It has been found that the amount of nitrogen in the iridium oxide film increases as the relative amount of oxygen increases with respect to the inert gas, eg argon.

In the electrochromic film, the complementary electrochromic film of nitrogen-containing iridium oxide can be deposited using the Metamode ^R system. It includes a DC magnetron reactive sputter deposition system in which the reactive gas is separated from the non-reactive gas by a low pressure region. Deposition of the metal species occurs on the substrate and moves and / or rotates between the deposition area of the sputter target and the reactive gas plasma area.
The reactive gas region consists of positively biased electrodes,
This results in the formation of a plasma rich in reactive ionic species, which bombards the newly deposited metal on the substrate, thereby forming a compound of the metal such as oxide, nitride, oxynitride or combinations thereof. It This system adheres to the desired film thickness-
It can be simply described as a sequence of reaction-attachment-reaction.
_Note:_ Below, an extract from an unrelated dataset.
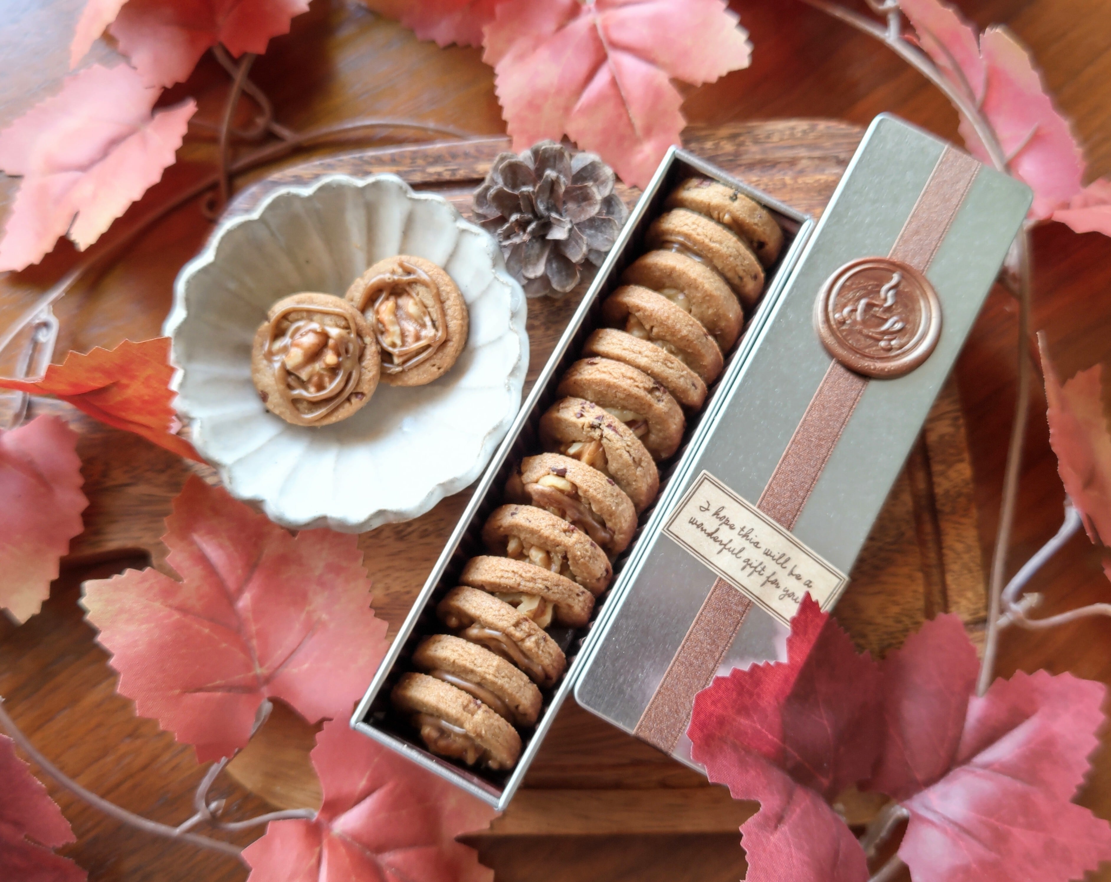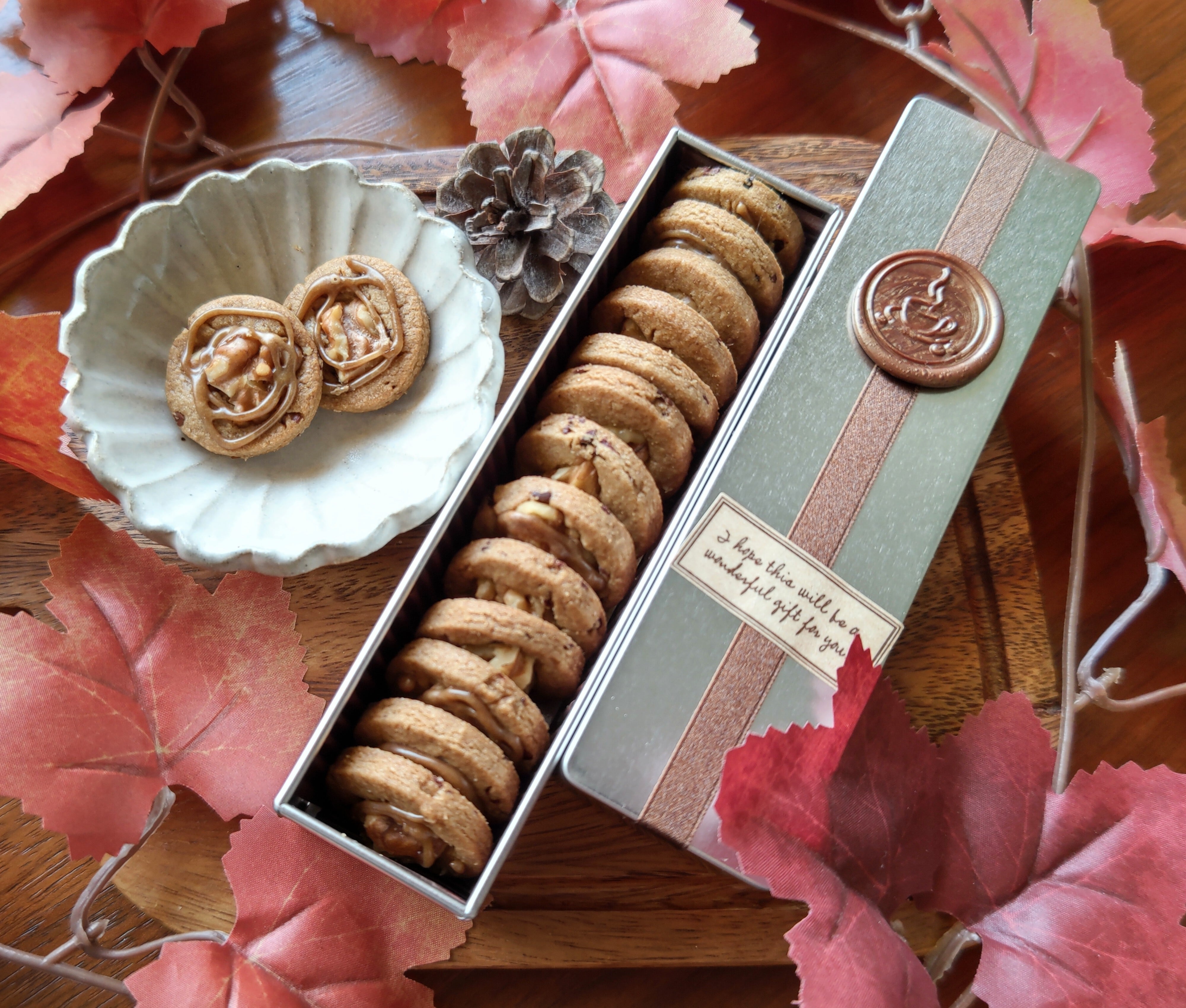 コーヒー味のサブレにカカオニブを練り込み、1枚1枚に胡桃を乗せて焼きあげてコーヒーアイシングで仕上げました。

The total system gas pressure in the system is 5 to 100,
For example, it is in the range of 40 to 75 millitorr. The reactive gas partial pressure in the system is in the range of 7-40 mtorr. Nitrogen or a nitrogen-containing gas can be introduced at any suitable location in the Metamode ^R system. For example, in the attachment area, the reaction area or any inert attachment area. Typical cathode power and ion source flow are in the range of 1-5 kilowatts and 1-3 amps, respectively. Optimal conditions can be determined through statistical design for nitrogen-containing iridium oxide films.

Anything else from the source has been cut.